Speaker relents and signs language bill
Journal Staff Report

KIEV, July 31 – Parliamentary Speaker Volodymyr Lytvyn, ending his almost one-month-long resistance, on Tuesday signed a controversial bill aimed at elevating the status of the Russian language in Ukraine.

The move opens way for the bill to reach the office of President Viktor Yanukovych, who is now expected within the next two weeks to sign it into law.

“If all proposals from the speaker are rejected, then he is obliged to immediately sign the bill,” Lytvyn said Tuesday shortly before signing the bill. “Obviously, this is what’s going to happen.”

Lytvyn’s turnaround comes a day after a senior Regions Party official publicly warned him about criminal prosecution for not signing the bill.

The ruling Regions Party sees the bill as a crucial part of its election campaign ahead of the October 28 parliamentary vote, capable of energizing its Russian-speaking supporters in eastern and southern regions.
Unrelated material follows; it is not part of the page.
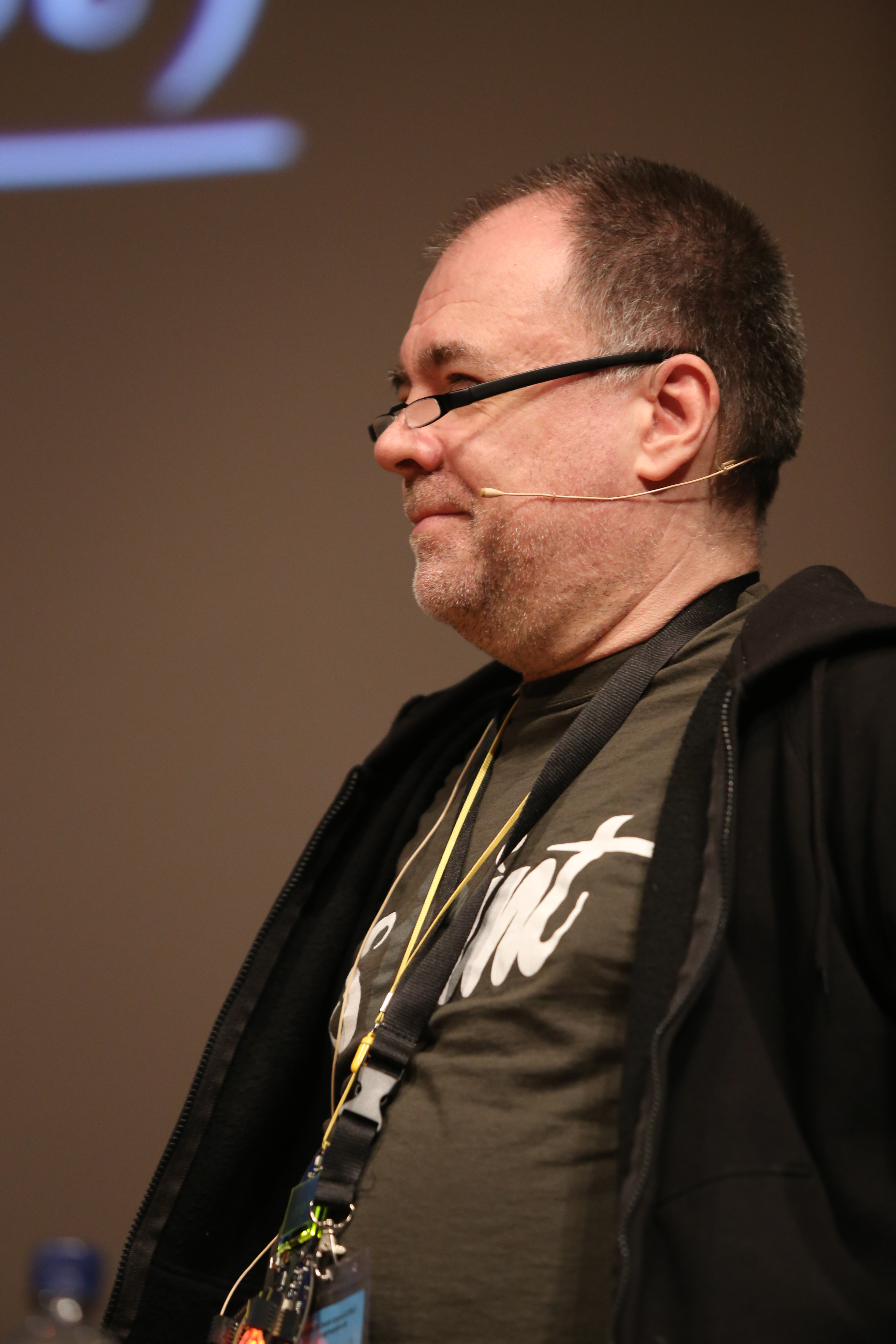 Martin Haase at the 30th Chaos Communication Congress

But the bill is vehemently criticized by opposition groups for potentially splitting the country based on language preferences, weakening its sovereignty. It is also feared to reduce the importance of the Ukrainian language, which had already suffered from the more than 300-year dominance of Moscow in the region.

The legislation would almost automatically make the Russian language the second state language in Crimea, Donetsk, Luhansk, Kharkiv, Odessa, Mykolayiv, Kherson, Chernihiv and some other Ukrainian regions.

This would effectively allow using Russian, not Ukrainian, in official documentation by local governments, courts and schools.

Batkivshchyna, the largest opposition party, said it will work to revoke the legislation once it returns to power. The party criticized the bill for an extremely controversial way of its approval on July 3, violating Parliament’s own rules and regulations.

“This bill does not exist in nature,” Batkivshchyna said in a statement. “The violations of regulations and legal norms were so huge that there is no legal ground for considering this pile of papers as a legislative act.”

Batkivshchyna warned Lytvyn that having signed the bill, it makes him an “accomplice of the crime” because the bill directly violates the constitution’s article No. 10, which names Ukrainian as the only state language in the country.

“This move has become a humiliating end in the career of a Machiavellian politician, who for the sake of his own rescue is ready to break laws and moral norms,” Batkivshchyna said.

Udar, the second most popular opposition group, led by heavyweight boxing champion Vitaliy Klichko, also criticized Lytvyn.

“Lytvyn has signed the bill that nobody had voted for,” Udar said in a statement. “Today’s act, after the farce with his resignation, is another proof of his dependence on the ruling party and disrespect to his voters, to his roots.”

Udar also vowed to work to revoke the bill. “Ukraine’s language legislation needs improvement, but this must be a professional debate involving experts, not a populist election campaign paper that is a far cry from European norms.” (tl/ez)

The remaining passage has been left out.